# What to plug POV with



## asleepz (Feb 24, 2004)

What should I plug my POV opening with I got my boost controller finally


----------



## Zen31ZR (Mar 24, 2004)

SKD_Tech said:


> What should I plug my POV opening with I got my boost controller finally


 _Morepower2_ suggested a pipe plug. This subject has been covered already , I would suggest looking a few pages back. I'm not gonna be a search fiend like some of the mods here , but in this case I _know_ the information is contained in this section. I personally used a 1 inch (or 1 1/4 , I forget) adjustable rubber freeze plug , which is tightened into place with a nut on the outter side. Cost me $3 or so at Pep-boys. MP2 suggested a pipe plug , but that's a bit more specific on thread size.


----------



## asleepz (Feb 24, 2004)

alright thanks man


----------



## morepower2 (Apr 19, 2002)

SKD_Tech said:


> What should I plug my POV opening with I got my boost controller finally


You can use the factory plug that the NA cars have in place of the POV.


----------



## Zen31ZR (Mar 24, 2004)

morepower2 said:


> You can use the factory plug that the NA cars have in place of the POV.

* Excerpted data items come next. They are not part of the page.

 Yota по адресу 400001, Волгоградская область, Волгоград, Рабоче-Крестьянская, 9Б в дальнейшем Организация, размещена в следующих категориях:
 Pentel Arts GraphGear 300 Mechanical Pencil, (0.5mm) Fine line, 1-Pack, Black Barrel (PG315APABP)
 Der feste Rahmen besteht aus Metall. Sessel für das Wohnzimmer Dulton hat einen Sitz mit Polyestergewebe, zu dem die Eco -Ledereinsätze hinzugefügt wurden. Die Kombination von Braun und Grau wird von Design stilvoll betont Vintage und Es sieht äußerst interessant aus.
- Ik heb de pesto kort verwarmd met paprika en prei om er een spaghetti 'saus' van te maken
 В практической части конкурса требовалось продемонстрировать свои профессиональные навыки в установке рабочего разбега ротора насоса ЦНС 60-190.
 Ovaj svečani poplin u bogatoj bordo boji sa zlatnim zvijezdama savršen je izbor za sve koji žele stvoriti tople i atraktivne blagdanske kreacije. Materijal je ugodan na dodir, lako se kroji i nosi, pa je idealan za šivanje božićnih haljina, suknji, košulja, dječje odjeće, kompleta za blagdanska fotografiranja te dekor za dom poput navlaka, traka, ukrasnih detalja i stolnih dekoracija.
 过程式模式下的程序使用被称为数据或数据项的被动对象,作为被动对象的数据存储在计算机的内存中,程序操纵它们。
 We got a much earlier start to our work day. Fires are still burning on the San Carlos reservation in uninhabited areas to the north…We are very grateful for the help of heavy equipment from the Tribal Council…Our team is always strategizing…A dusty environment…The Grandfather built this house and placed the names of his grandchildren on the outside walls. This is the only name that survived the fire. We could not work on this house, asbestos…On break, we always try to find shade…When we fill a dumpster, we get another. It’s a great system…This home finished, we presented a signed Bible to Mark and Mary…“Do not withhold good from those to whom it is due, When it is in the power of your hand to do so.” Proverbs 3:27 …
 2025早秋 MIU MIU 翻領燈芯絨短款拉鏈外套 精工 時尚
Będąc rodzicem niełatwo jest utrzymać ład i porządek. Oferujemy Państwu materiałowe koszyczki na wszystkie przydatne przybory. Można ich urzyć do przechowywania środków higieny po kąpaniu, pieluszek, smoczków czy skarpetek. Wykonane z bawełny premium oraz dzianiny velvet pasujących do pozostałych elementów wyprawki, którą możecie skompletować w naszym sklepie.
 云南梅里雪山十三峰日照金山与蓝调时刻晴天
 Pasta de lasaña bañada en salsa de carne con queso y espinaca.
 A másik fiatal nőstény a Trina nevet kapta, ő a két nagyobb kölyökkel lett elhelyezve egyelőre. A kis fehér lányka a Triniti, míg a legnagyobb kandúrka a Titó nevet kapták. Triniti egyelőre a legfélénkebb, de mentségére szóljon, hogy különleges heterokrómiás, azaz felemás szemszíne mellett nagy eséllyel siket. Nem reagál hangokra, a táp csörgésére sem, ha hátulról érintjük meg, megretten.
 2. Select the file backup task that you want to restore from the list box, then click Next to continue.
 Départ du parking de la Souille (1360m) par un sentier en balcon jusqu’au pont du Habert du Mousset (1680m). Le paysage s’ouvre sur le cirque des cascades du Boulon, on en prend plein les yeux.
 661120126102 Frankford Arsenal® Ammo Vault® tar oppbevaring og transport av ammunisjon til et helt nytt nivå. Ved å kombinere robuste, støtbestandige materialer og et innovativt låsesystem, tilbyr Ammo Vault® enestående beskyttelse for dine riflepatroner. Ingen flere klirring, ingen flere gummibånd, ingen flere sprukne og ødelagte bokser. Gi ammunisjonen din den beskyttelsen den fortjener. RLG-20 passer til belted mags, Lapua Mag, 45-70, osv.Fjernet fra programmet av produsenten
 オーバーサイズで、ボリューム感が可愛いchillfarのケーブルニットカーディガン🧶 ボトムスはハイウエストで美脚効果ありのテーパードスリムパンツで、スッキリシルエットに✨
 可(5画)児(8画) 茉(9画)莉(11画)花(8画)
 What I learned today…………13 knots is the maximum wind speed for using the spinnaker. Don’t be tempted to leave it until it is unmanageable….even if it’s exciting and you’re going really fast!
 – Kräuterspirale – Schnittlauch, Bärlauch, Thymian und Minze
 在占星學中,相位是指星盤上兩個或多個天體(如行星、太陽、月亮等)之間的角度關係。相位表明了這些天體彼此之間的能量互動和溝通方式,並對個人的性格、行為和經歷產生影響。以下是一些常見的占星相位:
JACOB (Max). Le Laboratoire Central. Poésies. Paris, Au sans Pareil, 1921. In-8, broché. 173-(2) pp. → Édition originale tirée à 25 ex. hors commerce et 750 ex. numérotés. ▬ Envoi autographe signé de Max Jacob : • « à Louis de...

 Ahah , I wondered about that. Never seen under the hood of an NA car yet.......


----------



## asleepz (Feb 24, 2004)

me neither. Lol I would do that if they had one around here that wasn't demolished from a head on collision


----------



## JakeMonkey (Feb 3, 2004)

Go into local Home Depot/Lowes and ask for a 1" NPT plug. pay for/ steal it, then install. Turn up boost, and smile.


----------



## asleepz (Feb 24, 2004)

1" NPT. What does NPT stand for?


----------



## Marc Z31 (Jul 25, 2004)

it's just pipe thread. N...something... Pipe Thread


----------



## asleepz (Feb 24, 2004)

alright cool

thanks guys

Budget Tuning.... You can't go wrong


----------



## Zen31ZR (Mar 24, 2004)

Marc Z31 said:


> it's just pipe thread. N...something... Pipe Thread


 The official definition is _National Pipe Thread_


----------



## asleepz (Feb 24, 2004)

lol.


Rabid Moderator.. Better stay away he might bite


----------



## Zen31ZR (Mar 24, 2004)

SKD_Tech said:


> lol.
> 
> 
> Rabid Moderator.. Better stay away he might bite


 Right now I just bark a lot........


----------